Return exactly the lines of the records below, starting at the line that contains "這間位於瓜達拉哈拉的單臥室公" and ending at the line that contains "Polka Dot Gradient", with both of those lines kept.

### Records for the task

====================

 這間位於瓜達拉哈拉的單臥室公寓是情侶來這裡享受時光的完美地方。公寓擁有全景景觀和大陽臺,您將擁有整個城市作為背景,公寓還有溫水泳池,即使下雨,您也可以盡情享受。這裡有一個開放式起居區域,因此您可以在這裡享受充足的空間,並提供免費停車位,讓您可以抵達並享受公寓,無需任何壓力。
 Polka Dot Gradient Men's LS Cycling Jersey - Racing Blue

====================

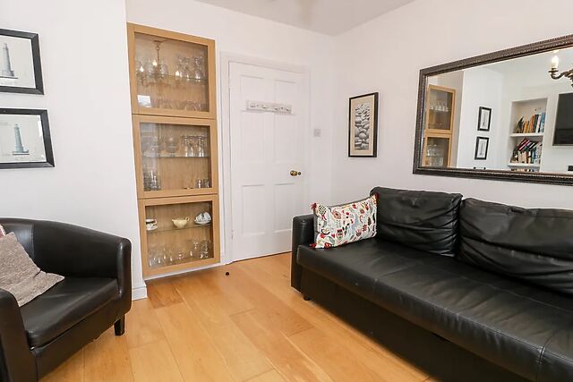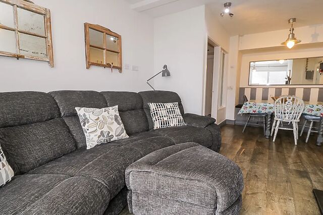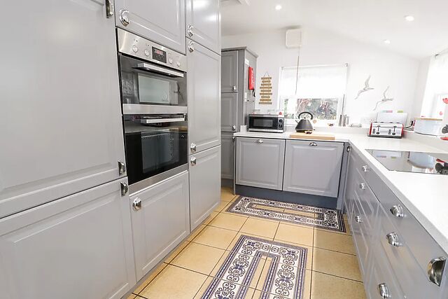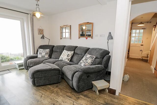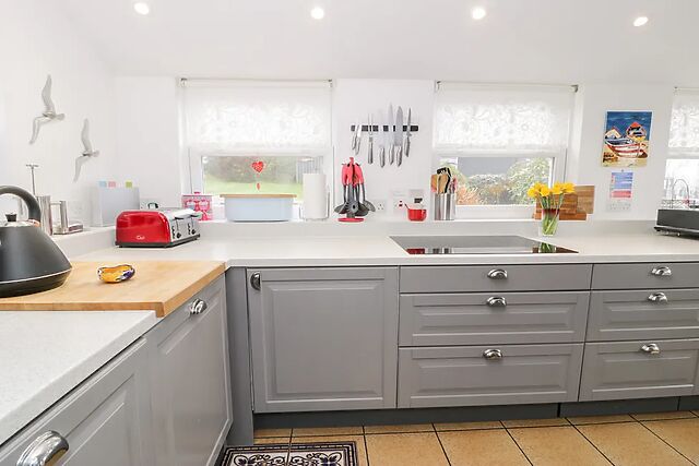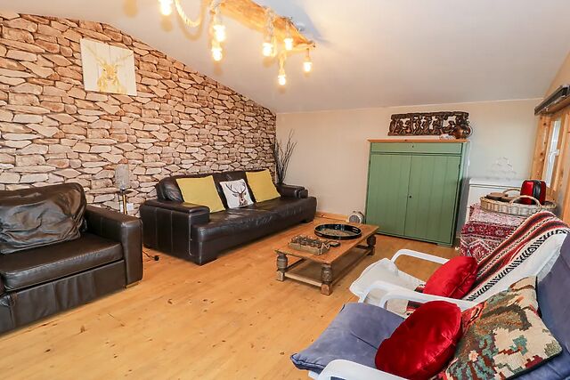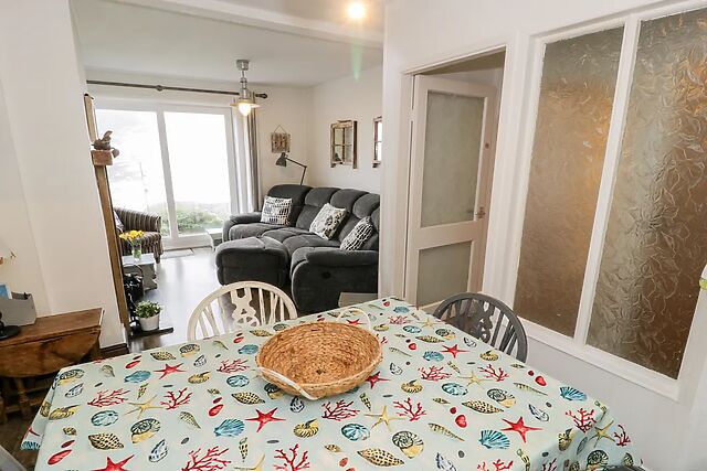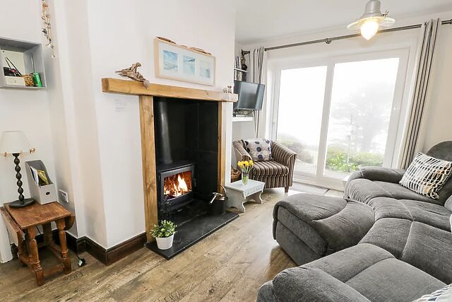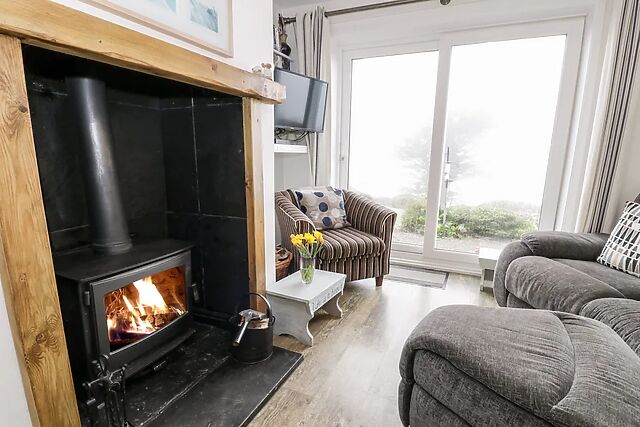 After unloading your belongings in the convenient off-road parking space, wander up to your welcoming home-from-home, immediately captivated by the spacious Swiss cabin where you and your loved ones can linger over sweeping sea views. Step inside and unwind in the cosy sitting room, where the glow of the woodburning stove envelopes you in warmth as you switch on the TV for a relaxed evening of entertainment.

====================

### Answer section
 這間位於瓜達拉哈拉的單臥室公寓是情侶來這裡享受時光的完美地方。公寓擁有全景景觀和大陽臺,您將擁有整個城市作為背景,公寓還有溫水泳池,即使下雨,您也可以盡情享受。這裡有一個開放式起居區域,因此您可以在這裡享受充足的空間,並提供免費停車位,讓您可以抵達並享受公寓,無需任何壓力。
 Polka Dot Gradient Men's LS Cycling Jersey - Racing Blue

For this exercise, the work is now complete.